One other quibble: the status reports never actually indicate which Availability Zone was impacted (it was us-east-1b).  Seems silly not to provide that information.

Stress test

Just for kicks, I decided to repeat the tests while saturating my DSL line (by uploading a bunch of photos to Picasa).  The results are not pretty:

Operation# samples10th %ileMedianMean90th %ile99th %ile99.9th %ile
JSONP (OS X Chrome N. Calif. -> EC2 US East) B613101.0 ms419.0 ms559.0 ms1.35 sec1.75 sec2.35 sec
XMLHttpRequest (OS X Chrome N. Calif. -> EC2 US East) B612110.0 ms388.0 ms543.0 ms1.35 sec1.69 sec5.03 sec
Websocket (OS X Chrome N. Calif. -> EC2 US East) B61291.1 ms398.0 ms524.0 ms1.31 sec1.69 sec2.35 sec
Websocket best-of-2 (OS X Chrome N. Calif. -> EC2 US East) B61291.2 ms372.0 ms524.0 ms1.46 sec1.69 sec2.14 sec

Here, all of the connection methods were equally bad.  (It would have been interesting to run ping tests at the same time, to see whether TCP congestion control was part of the problem, but I neglected do so.)
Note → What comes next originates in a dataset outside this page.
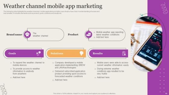 The following slide highlights the weather channels mobile application promotion case study to have clear i understanding of issues and real benefits. It includes elements such as product, goals, solutions and results etc. Do you have an important presentation coming up Are you looking for something that will make your presentation stand out from the rest Look no further than Weather Channel Mobile App Leveraging Mobile Marketing Strategies Summary Pdf. With our professional designs, you can trust that your presentation will pop and make delivering it a smooth process. And with Slidegeeks, you can trust that your presentation will be unique and memorable. So why wait Grab Weather Channel Mobile App Leveraging Mobile Marketing Strategies Summary Pdf today and make your presentation stand out from the rest. The following slide highlights the weather channels mobile application promotion case study to have clear i understanding of issues and real benefits. It includes elements such as product, goals, solutions and results etc.

Conclusion: good luck, you'll need it

With Web Sockets, a lightly loaded client, a lightly loaded server, a lightly loaded DSL line, and favorable winds, it's possible to get uniformly fast communication between a browser and server.  Disturb any of those conditions, and a latency tail rears up.  Where does that leave us?

In principle, you can control server load.  Of the major browsers, so far only Chrome implements Web Sockets as far as I know.  (Flash provides similar functionality, which I may benchmark for a later post.)  Client load and DSL load are entirely out of our control; the best one might manage is to give feedback to the user.  And, while Google is rumored to have some influence over the weather, when it comes to favorable winds the rest of us just have to hope for the best.